The technologies are in place that will enable:1) the development of physical scale models for hydro-factures at the University of Iowa, 2) a successful, highly efficient finite difference time-domain electromagnetic modeling algorithm from The Ohio State University, 3) improved algorithm for stochastic inversion of hydrological data from the University of Arizona, and 4) computational and computer science developments from Rutgers University.

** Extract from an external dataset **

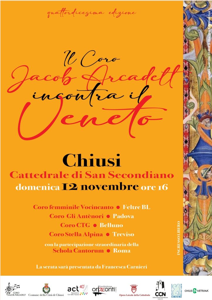 Domenica 12 Novembre ore 16:00 CORO JACOB ARCADELT incontra il Veneto. Ogni anno il Coro Jacob Arcadelt organizza una Rassegna a cui vengono invitati cori provenienti da ogni parte d’Italia e anche da paesi esteri. Quest’anno si è deciso di organizzarla legata alle Regioni o ad altri spazi geografici, nello specifico al Veneto. Domenica alle […]

P.I.: Tian-Chyi Jim Yeh, University of Arizona Co-P.I.: Salim Hariri, University of Arizona
Co-P.I.: Jeffrey Daniels, Ohio State University Co-P.I.: Walter Illman, University of Iowa
Co-P.I.: Anton Kruger, University of Iowa Co-P.I.: Manish Parashar, Rutgers University
For our purposes, the task components and information flow can be described for each primary task (indicated by the green pentagons) as follows:
I. Experiment: The experiment is stand-alone. The fundamental input to the experimental tank is fluid (water) that is pumped into the model. Measurements (geophysical ERT and GPR, and hydrologic tomography) are made continuously after initiation of the experiment. These measurements can stream into the network upon demand from the Interpretation Fusion Controller (IFC).
1. The hydraulic controller injects fluid into the model.
2. Data from geophysical and hydraulic measurements, including time stamp, are stored in addressable sequential data buffers at the experimental site.
3.
Data are accessed upon demand from the
interpretation node (3).
II. Control: The Network (internet, or satellite) is the hub for control and data flow. The heart of the hub is the IFC and a real time display that monitors the model as it is developed and acts as a controller to update and transmit the most recent model realization(s) back to the individual modeling nodes, depicted on the right hand side of Figure 1.
1. Construct basic physical model (size, shape, other fixed parameters from static data base.
2. Monitor and interrupt geophysical and/or hydraulic tomography models. Update and display evolving model output from geophysics and hydraulic tomography measurements.
3. Validate model through hydraulic monitoring display.
4. Provide updated model as exported boundary control for geophysics and hydraulic tomography.